Yep, your updates are good, and in keeping with the opening sentences of 
my reply:
> There are probably going to be a large number of replies based on 
everyone's own personal experiences. 

Then add to more to item 2d. (if your pockets are deep enough):
"Ship either duplicate tapes, or the two most recent day's worth BY 
SEPARATE PLANES and SEPARATE TRUCK."

We used to ship the two most recent day's worth BY SEPARATE PLANES.  If 
one shipment was delayed (or a tape was bad), we could test with the other 
day of tapes. 

Then we heard of case where all the tapes from both planes ended up on the 
same truck for a DR test and that truck went off a bridge, destroying some 
tapes and delaying the rest beyond the D.R. test window. 

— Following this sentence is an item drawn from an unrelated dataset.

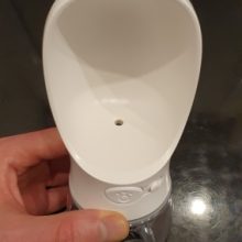 It’s a wonderful water bottle for your dog just tipping over and push a button and it fills with water and he drinks it and you throw the rest out .He gets quite a few drinks and it’s just really easy to carry round I highly recommend it~❤️
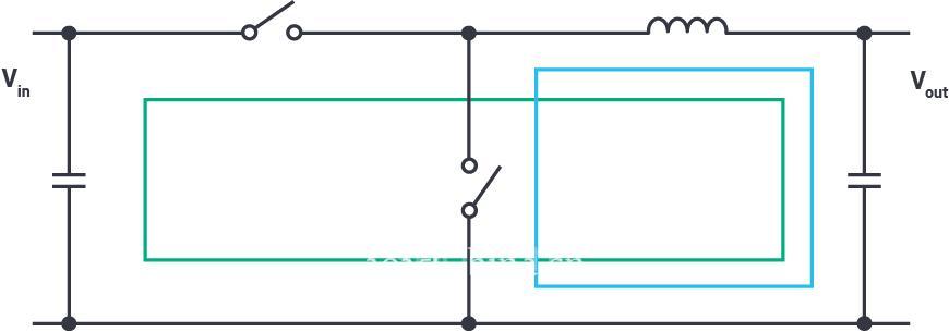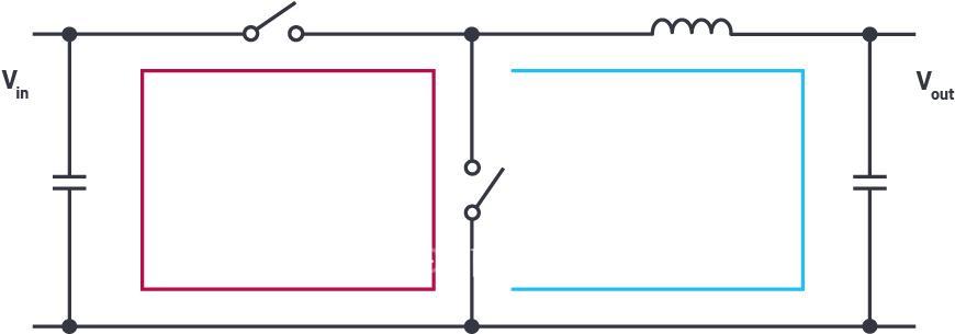 開關穩(wěn)壓器中需要不斷開關電流。這些電流通常比較大。每當電流流動時,會產(chǎn)生磁場。如果快速開關大電流,就會產(chǎn)生交變磁場。此外,如果開關電流時,路徑中存在寄生電感,就會產(chǎn)生電壓失調(diào)。電流會容性耦合到相鄰的電路部件中,并增加電源的噪聲輻射。綜上所述,我們可以說開關電流是導致開關模式電源產(chǎn)生噪聲的主要原因。圖1顯示了簡化的降壓轉(zhuǎn)換器拓撲結構。所有存在連續(xù)電流的線路都用藍色表示。所有快速開關電流的線路都用紅色表示。

After that there was a rumor (unsubstantiated) of two truck drivers at the 
delivery airport having their tapes loaded at the same time.  They loading 
was complete at the same time.  They competed to see who could get the 
tapes to the D.R. site first, running into each other during the spirited 
race from the airport.  I never heard more details and suspect a techie 
folktale, but even if it's not true it's good to at least consider.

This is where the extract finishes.